Taiwan Semiconductor Manufacturing Co. (TSMC), the world’s largest contract chipmaker, is luring investors with record profit as growing demand for the iPhone 7 and iPhone 7 Plus is fuelling orders for its processor chips. According to Bloomberg, TSMC’s stock surged 32% in 2016, climbing to its highest level and taking the company’s value to $156 billion, which now accounts for 16% of Taiwan’s entire equity market value.
“Samsung’s issues and the perceived benefit for Apple is surely creating some optimism,” said Sandy Mehta, chief executive officer of Value Investment. “TSMC is the best in class. Valuations are not very high for TSMC, and rising estimates have led to investor optimism. The shares could still have upside.”
Analysts are projecting that the company’s net income will increase 30% this quarter, with profit climbing 28% in the previous three months to $3.1 billion from a year earlier.

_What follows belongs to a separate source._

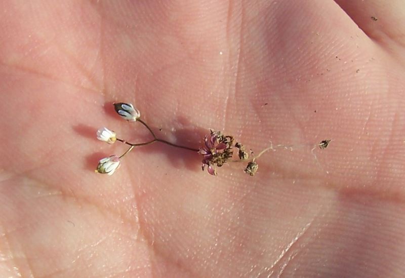 Ospite Inviato 7 Febbraio 2007 Inviato 7 Febbraio 2007 Erophila verna (L.) Chevall. Sinonimi: Draba sauteri Auct.fl.ital. non Hoppe Draba verna L. Nome italiano: Draba primaverile Sottospecie: Erophila verna (L.) Chevall. subsp. verna (It. Sett.) Erophila verna (L.) Chevall. subsp. obconica (De Bary) Vollm. (nel Canton Ticino) Erophila verna (L.) Chevall. subsp. praecox (Steven) P. Fourn. (qui riprodotta; è la più diffusa) Erophila verna (L.) Chevall. spatolata (Láng) Walters (in Sicilia) SISTEMATICA Regno: Plantae Sottoregno: Tracheobionta - Piante vascolari Superdivisione: Spermatophyta - Piante con semi Divisione: Magnoliophyta (Angiospermae) - Piante con fiori Classe: Magnoliopsida Brongn., Enum. Pl. Mus. Paris: xxvi, 95. 12 Aug 1843 (Magnolineae). Ordine: Capparales Hutch., Bull. Misc. Inform. 1924: 122. 29 Mai 1924 (Capparidales). Famiglia: Brassicaceae Burnett, Outl. Bot.: 854, 1093, 1123. Jun 1835, nom. cons. Genere: Erophila Specie: Erophila verna (L.) Chevall. DESCRIZIONE: Tipo: Esile pianta erbacea annuale Altezza (min./max) 2-10 cm. Fusto: afillo Foglie: tutte in rosetta basale, lanceolate-spatolate Fiori: in infiorescenza racemosa Corolla: formata da 4 petali bianchi, bilobi Calice: formato da 4 sepali acuti, carenati, col dorso arrossato Frutto: siliquetta glabra ALTRE INFORMAZIONI: Forma biologica: T scap - Terofite scapose (Terofite = Piante erbacee annuali che sopravvivono nella stagione avversa grazie ai semi.) Periodo di fioritura: I-V Altitudine: 0/2400 m. Regioni in cui è presente: FRI VEN TAA LOM PIE LIG EMI TOS MAR UMB LAZ CAM ABR MOL PUG BAS CAL SIC SAR Frequenza al Nord: Comune Frequenza al Centro: Comune Frequenza al Sud: Comune Frequenza nelle Isole: Comune Habitat: luoghi erbosi aridi, acidofili Tipo corologico: Circumbor. Per le sue ridottissime dimensioni spesso passa inosservata. Ad altezza d’uomo è praticamente invisibile. Il genere Erophila comprende una decina di specie erbacee con piccoli fiori biancastri, presenti in particolare nei luoghi sassosi. Alcune sono spontanee nelle aree mediterranee. In Italia è presente solo Erophila verna (L.) Chevall. Bibliografia: AA.VV. - Dizionario di Botanica - Rizzoli Editore - Milano 1984 Baroni E. - Guida botanica d'Italia - Cappelli Bologna - 1977 Pignatti S. - Flora d'Italia (3 voll.) - Edagricole - Bologna 1982 Zangheri P. - Flora Italica (2 voll.) - Cedam - Padova 1976

TSMC has been able to count on demand for the new iPhones to fuel sales of the A10 processor it makes, helping it weather a slowdown in the global smartphone market as it invests in more advanced production technology.
Elizabeth Sun, a spokeswoman at TSMC, said that the company will “soon” start mass production of chips using 10-nanometer processors, which would give handset makers more room for new hardware features.